After over two centuries of social life in America, what do we think and believe now? Are there dominant shared philosophies or just a incoherent swirl of "individual efforts"? Do our ideas about how we live socially and politically need to adapt as we enter the 21st century? Each major turning point in our history, largely driven by war or social unrest, has forced Americans to reconsider our guiding philosophies. As we entered 2016, I believed that our crisis of violence and social unrest provided a case for a deep, interegation of all our beliefs. I asked myself, “could I retrace the steps of our American intellectual journey and use the methods of Aristotle to understand what was most human, most reasonable about our current political ideas and frameworks?” If so, I could ensure that my social and political philosophy, was both coherent and built on the solid ground of reason and human experience.

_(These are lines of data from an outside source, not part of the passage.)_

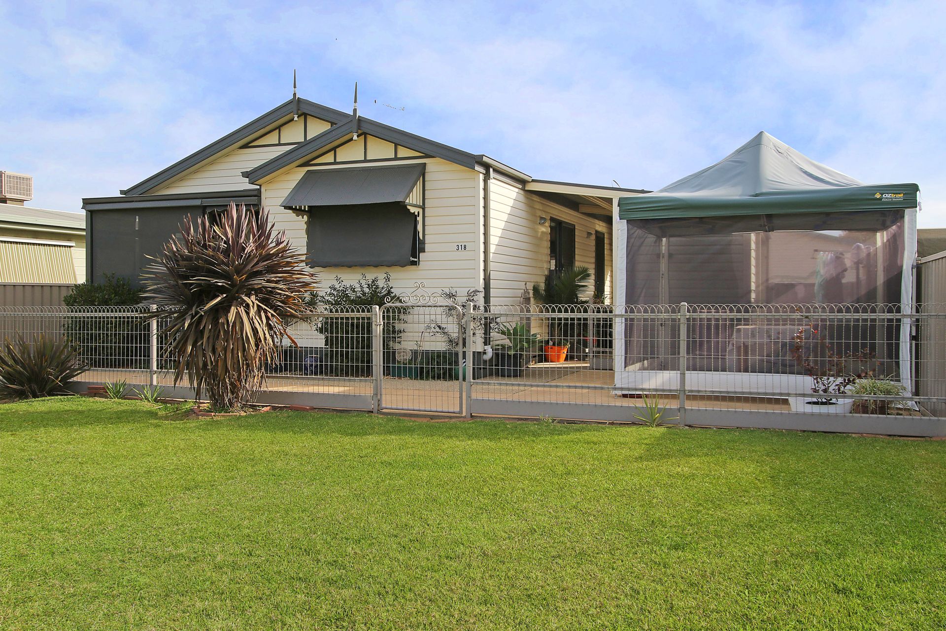 Delightful 2 bedroom heritage style home in the Sun Country Village. This home presents like new. Beautifully located with views across open land towards Lake Mulwala. Neutral colours flow throughout the home, well appointed kitchen with dishwasher, gas cooktop and electric wall oven, plenty of bench space and storage. Casual dining area opens to large lounge area. Split system reverse cycle air conditioner. Two big bedrooms with BIR's. Master bedroom has its own split system for year round comfort. Outside there is a carport with remote access & garden shed. Boundary fencing to all sides ensures security & privacy. With low maintenance surrounds this is a great home for today and tomorrow while living the dream.
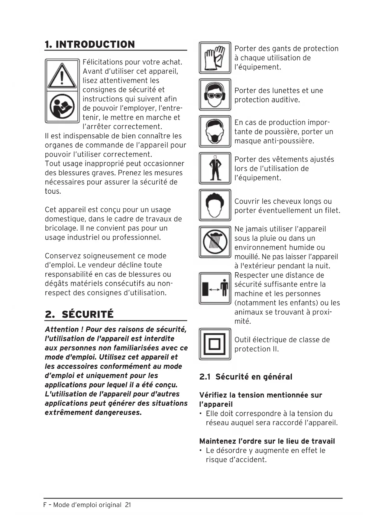 Porter des gants de protection à chaque utilisation de l’équipement. Porter des lunettes et une protection auditive. En cas de production impor- tante de poussière, porter un masque anti-poussière. Porter des vêtements ajustés lors de l’utilisation de l’équipement. Couvrir les cheveux longs ou porter éventuellement un filet. Ne jamais utiliser l’appareil sous la pluie ou dans un environnement humide ou mouillé. Ne pas laisser l’appareil à l'extérieur pendant la nuit. Respecter une distance de sécurité suffisante entre la machine et les personnes (notamment les enfants) ou les animaux se trouvant à proxi- mité. Outil électrique de classe de protection II.
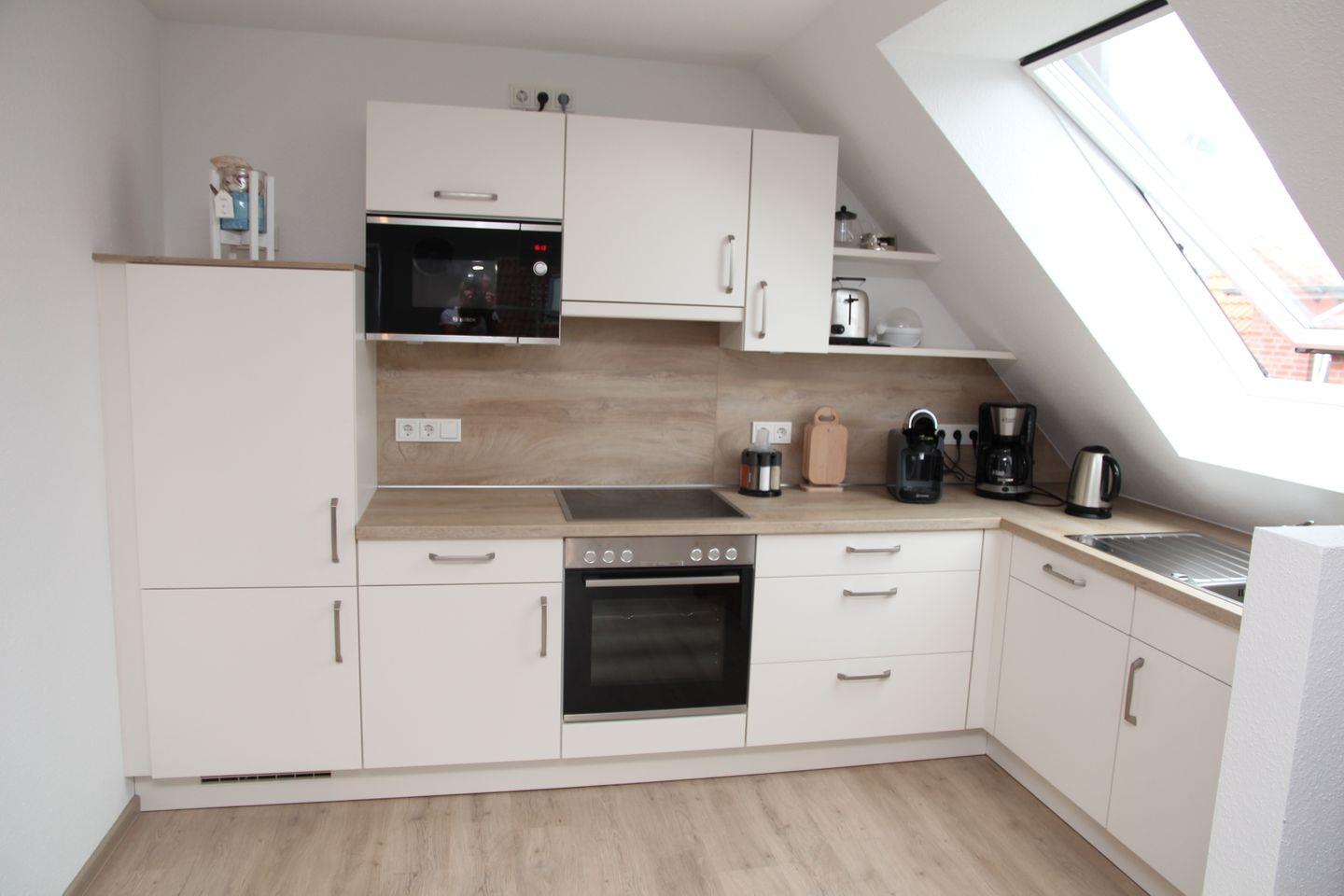 Die moderne und geschmackvoll eingerichtete Einbauküche ist komplett ausgestattet mit einer Geschirrspülmaschine, Backofen, Ceranfeld, Kühlschrank mit Gefrierfach, Senseomaschine (von Bosch), Wasserkocher, Kaffeemaschine u.v.m.
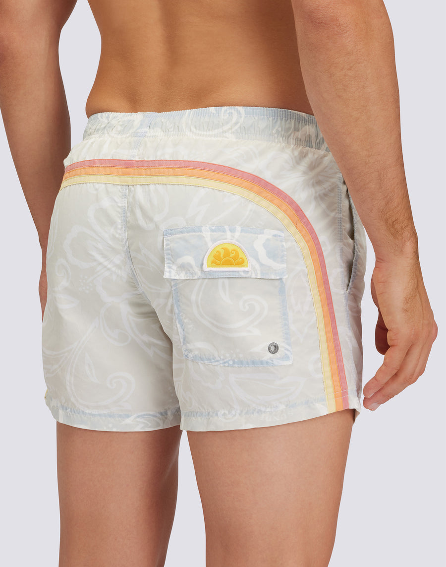 Get ready to ride the next wave with the Goldenwave elastic-waisted short swimming costume in the historic Sundek SK23 print, treated and dyed with artisanal techniques. The historic nylon taffeta fabric and pattern construction make it fast drying and super durable season after season.
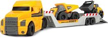 Комплектът от "Dickie" ще зарадва всяко дете, което харесва големите тежкотоварни машини. Той се състои от камион с голямо ремарке, с което превозва мини самосвал и багер. Ремаркето има подвижни елементи - като при истинските камиони, то може да се вдига и сваля, каросерията на самосвала и лопатата на багера се движат нагоре и надолу. Играчките ще осигурят часове забавление на вашето дете! Приблизителната дължина на камиона е 33 cm, а на самосвала и багера е 9 cm. ... |
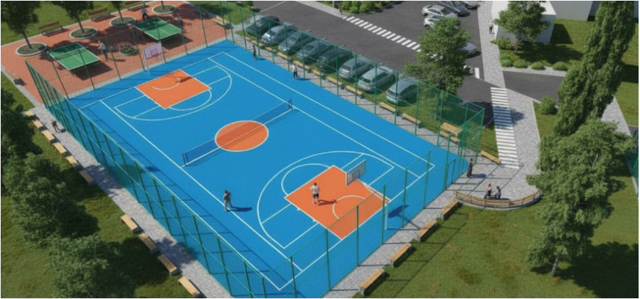Proiectul își propune construirea unui teren multifuncțional de baschet, volei și un spațiu sigur și modern pentru activități sportive. Credem cu tărie că investiția în sport este o investiție în oameni și în viitorul nostru comun.
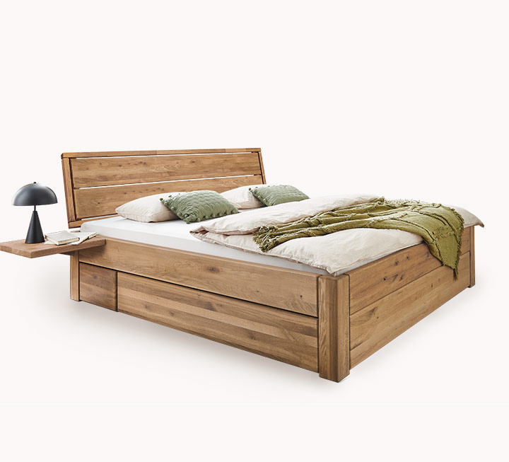 Unsere Betten aus massivem Eichenholz sind zeitlos schön und begeistern durch ihre markante Gestaltung. Eine biologische Oberflächen-Behandlung mit ausgewählten Ölen schützt das edle Holz und gibt ihm einen matten Glanz. Mit wohnlich warmem Massivholz schaffen Sie eine gesunde Atmosphäre mit viel Lebensqualität, in der Sie sich besser erholen und entspannen können. Viele Modelle sind auch in Überlänge erhältlich.
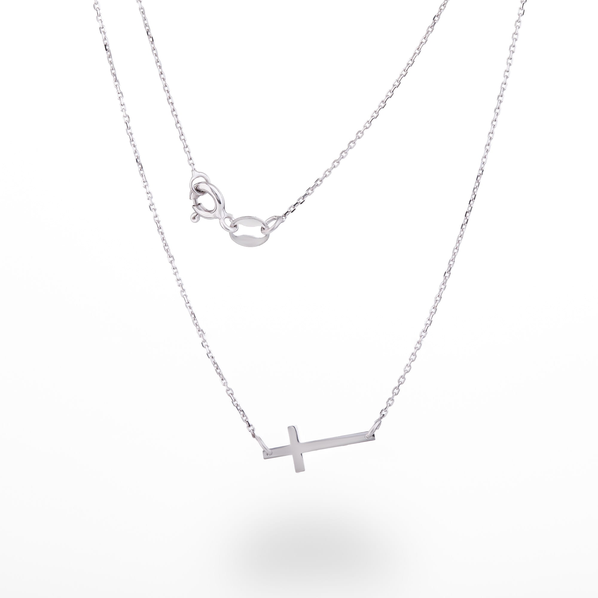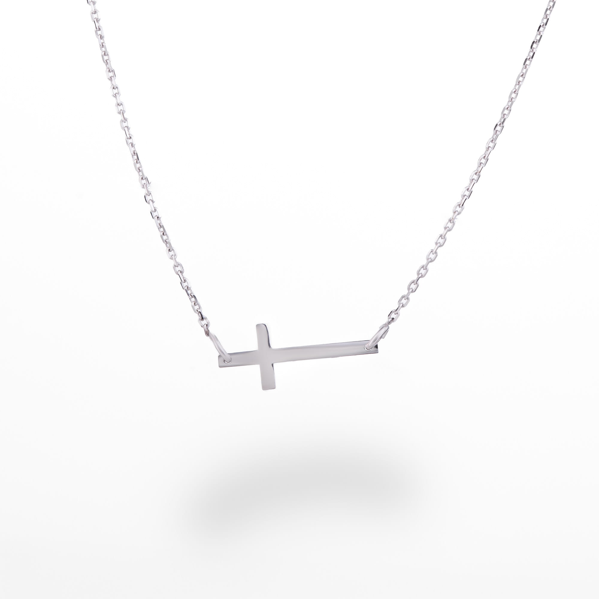 Naszyjnik z białego złota z krzyżykiem - delikatny elegancki - złoto 585 14K
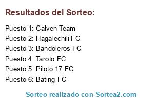 Lista de participantes: Calven Team, Hagalechili FC, Bating FC, Taroto FC, Bandoleros FC, Piloto 17 FC.

As this idea crystalized, I faced two troubling realities: I had no formal training in philosophy and I did not know French. In the margins of my advisory work, I began the slog of French intensive courses and met regularly with a French dialogue expert. In a serendipitous encounter in my first year in France, I met two philosophical guides, Professors Antoine Guggenheim and Diane d'Audiffret, who were willing to take me under their wings.  In the midst of launching their movement Up for Humanness to facilitate a new dialogue on the future of the human person in the face of AI and globalization, they threw me into the deep end of salons and discussions with some of the leading lights of social and political thought in Paris. Dr. Guggenheim graciously agreed to meet with me on a weekly basis to explore the human person through the metaphysical frameworks of the ancients like Plato and Aristotle but also through the modern insights of phenomenologists like Husserl, Heidegger, and Levinas. I learned that phenomenology was a modern approach to philosophy that concentrates on the study of human consciousness and the objects of direct experience. I was most intrigued by Dr. Guggenheim's special expertise on the phenomonology of Karol Wojtyła, the future pope who later take on communism with his powerful philosophical defense of human freedom and dignity. Slowly, I learned two languages: the French language and the language of philosophy. The corners of the puzzle started to fall into place. I began to see the human experience with fresh eyes and began on this journey to understand a new perspective on human flourishing which would be become a foundation for future work.

During this season, a friend sent me a timely quote from an essay on the creativity that said "the best way to appreciate anything familiar in life is to discover it again; one can grow so inured to something that its essential worth is lost to view; and only by an immense jolt of the imagination can one see it as it really is." In my travels here to France, meeting these new friends, and exploring the new world of philosophy, I began to rediscover my own country, the way we think as Americans and how that influences the way we act in our public lives together. Being outside of my own culture has provided the unique opportunity to look more clearly and appreciate the ever evolving American idea "from the outside in."